The bun program is used to bundle many files, directories, symbolic links, etc. into a single bundle file. bun can also be used to extract items from a previously created bundle.

bun -h writes a usage summary to standard output and exits; bun -v reports the version number of bun to standard output, and exits. Otherwise, bun must be invoked with at least two command line arguments: the command specifies which operation to perform (creation, extraction, or table of contents), and the bundle names the file which is to operated on. bundle must be a seekable file (a normal file in the file system; not a pipe, tape device, etc.).

Commands

The following commands are available.

c
create bundle. If one or more pathnames are specified, they are each added to bundle. If no pathnames are specified, bun reads them from standard input, terminated by newlines.
x
extract items from bundle. If one or more pathnames are specified, they are each extracted from bundle. If no pathnames are specified, every item contained in bundle is extracted.

In addition to the items stored in bundle, bun creates directories as needed.

t
table of contents. As for the x command, if one or more pathnames are specified, they are each printed to standard output, followed by a newline. If no pathnames are specified, every pathname contained in bundle is printed.
z
create compressed. The z command is equivalent to the c command, except that each regular file is a candidate for compression.

Flags

Command line flags may be concatenated with the command, or they may appear as separate arguments introduced by - (a hyphen). A hyphen is also permitted before the command. Thus, the following are equivalent.

    bun clv mybun.bun
    bun -c -l -v mybun.bun
    bun c -lv mybun.bun

The argument -- (two hyphens) indicates the end of flag processing. It is only necessary if bundle begins, or may begin, with a hyphen.

    bun x -- "$BUN"

Two flags specify which meta-information is to be stored or retrieved.

d
date: file modification and access times. A bundle is capable of storing timestamps with attosecond precision. bun uses as much precision as the underlying filesystem offers: normally nanosecond, microsecond, or second precision.
u
user: file ownership and permission information (including group ownership).

These flags both work in the same way. If the flag is specified for bundle creation (that is, with the c or z commands), that meta-information is stored in the bundle.

During extraction, bun by default retrieves all meta-information present in bundle. However, if the d or u flag is specified on the command line, the corresponding meta-information will be ignored. (It is not an error to ignore meta-information that is not present!)

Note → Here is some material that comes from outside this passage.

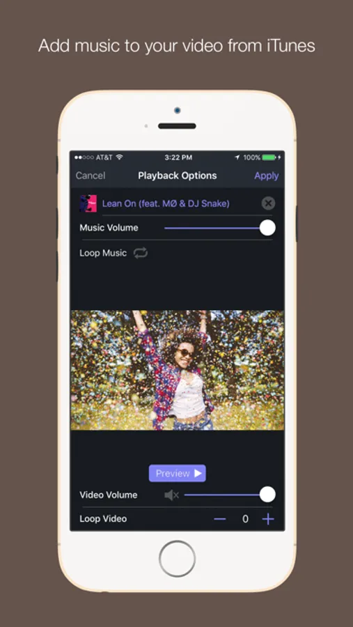 • Add Music - Import music directly from your device's iTunes library and use as a background soundtrack for your video. Easily control mixing volume of video sound and background music.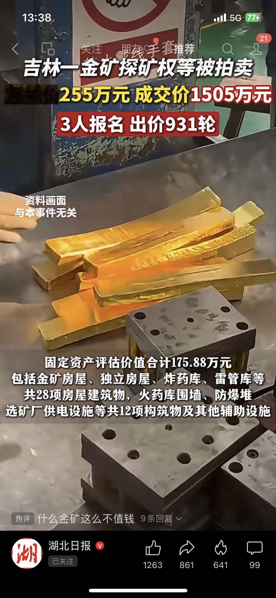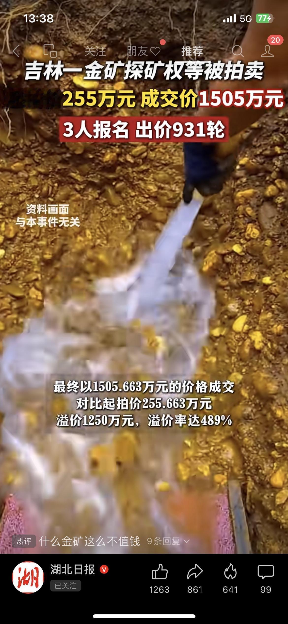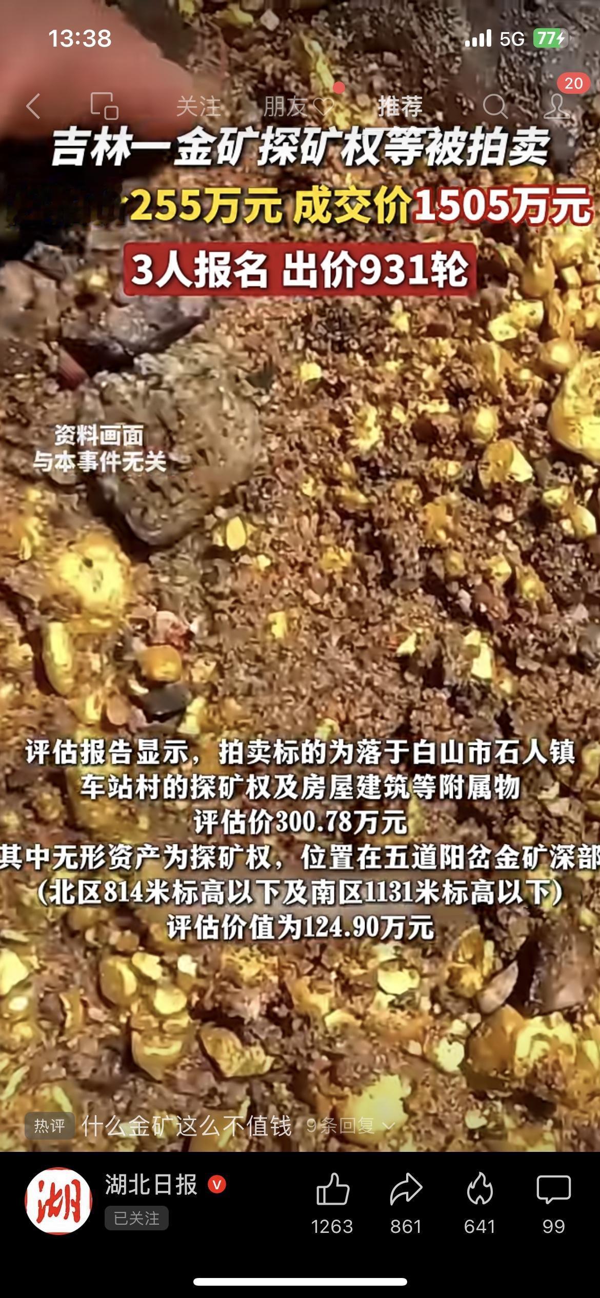 疯了!吉林一金矿探矿权拍卖,255万起拍竟拍到1505万,3人抢了931轮! 家人们快看这金矿拍卖有多疯狂!吉林江源一个金矿的探矿权及附属物,起拍价才255万,结果被拍到1505万,溢价率高达489%!3个人报名,整整出价931轮,其中还有922次延时出价,这抢矿跟抢白菜似的! 这探矿权位置在五道阳岔金矿深部,评估价才300多万,结果拍出这么高的价。固定资产包括金矿房屋、炸药库这些,评估价175万多。也不知道拍下的人是看中了金矿的潜力,还是觉得这矿有啥隐藏价值。 家人们,你们觉得这金矿到底值不值这个价?快在评论区聊聊!

Likewise, when listing the verbose table of contents (the tv command), specifying d or u suppresses the corresponding meta-information.

Although a little unusual, this scheme reflects common usage. Most bundles do not need to store date meta-information: the default is not to store it. But if a bundle includes date meta-information, it must be there for a reason: the default is to use it.

Other flags which can be specified when creating a bundle are as follows.

f
flat mode. By default, when a pathname (either mentioned on the command line, or read from standard input) names a directory, the directory and its contents are stored in bundle, recursively. If the f flag is in effect, just the directory is stored.
i (lower case letter aye)
use numeric identifiers for user information. This flag only makes sense in combination with u; it instructs bun to store owner information using your system's numeric identifiers, instead of names.
l (lower case letter ell)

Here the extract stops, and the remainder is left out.